18 de fevereiro de 2016

A noite passada num desassossego

A noite passada num desassossego inquieto, como se fosse um livro, a tua respiração serena repousando no meu ombro, duas verdes colinas de áfrica adormecidas no teu peito, um oceano inteiro nascendo-te nos pés, uma margarida singela a adornar-te a certeza dos passos. Depois, o sobressalto da madrugada, quando a chuva intensa se precipita sob a luz dos candeeiros e a explosão fulminante dos trovões e o ar assustado dos teus olhos se aconchega à protecção morna do meu corpo. E aí fica, sentindo a segurança que não deixa os presos evadirem-se das cadeias nem os barcos soltarem-se das amarras. Lentamente, o dia amanhece nos teus dedos e a alvorada chega sob o som magoado de um trompete, como se Louis Armstrong tivesse voltado só para nós.

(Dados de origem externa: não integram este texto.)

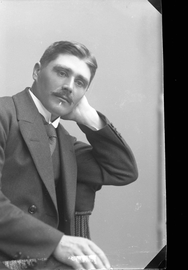Bröstbild av en sittande man som vilar huvudet i vänster hand, lite drömmande i blicken.
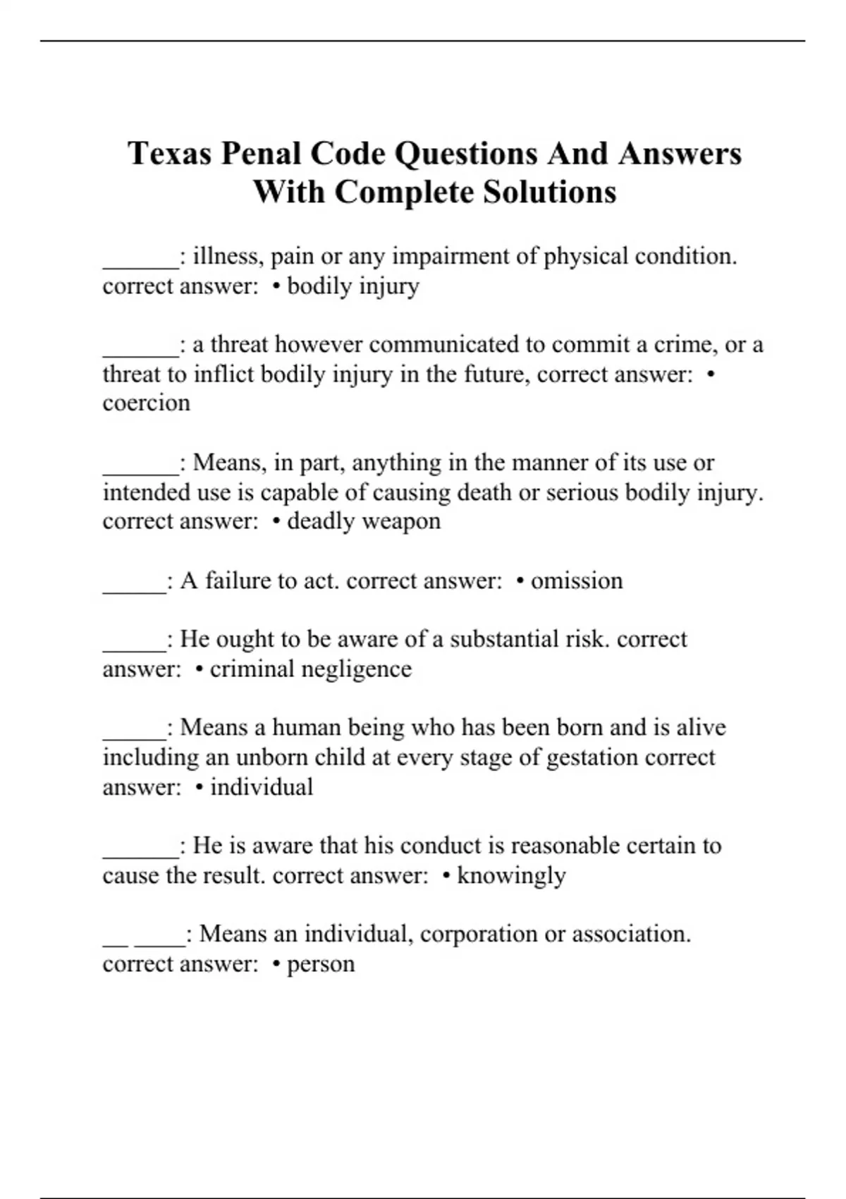 ______: illness, pain or any impairment of physical condition. correct answer: • bodily injury ______: a threat however communicated to commit a crime, or a threat to inflict bodily injury in the future, correct answer: • coercion ______: Means, in part, anything in the manner of its use or intended use is capable of causing death or serious bodily injury. correct answer: • deadly weapon _____: A failure to act. correct answer: • omission _____: He ought to be aware of a substantial risk. correct answer: • criminal negligence _____: Means a human being who has been born and is alive including an unborn child at every stage of gestation correct answer: • individual ______: He is aware that his conduct is reasonable certain to cause the result. correct answer: • knowingly __ ____: Means an individual, corporation or association. correct answer: • person ______: He is aware of but consciously disrega

Depois é a luz tímida de um sol de inverno, frio e dócil, que me traz a voz com que me despertas, macia como veludo, chegando-me num sussurro como se tivesse já percorrido a longa distância a que ficam as galáxias. Acompanha-te um riso matinal fresco e solto, igual ao chilreio dos pássaros que esvoaçam irrequietos na manhã, ao sabor da brisa que agita os canaviais à beira dos ribeiros e os dias de março que já sabem ao vermelho das papoilas. Ao mesmo tempo que os caracóis desfeitos dos teus cabelos soltos me caiem sobre o rosto e a tua boca túmida me deposita a ternura espontânea de um beijo sobre os lábios ansiosos.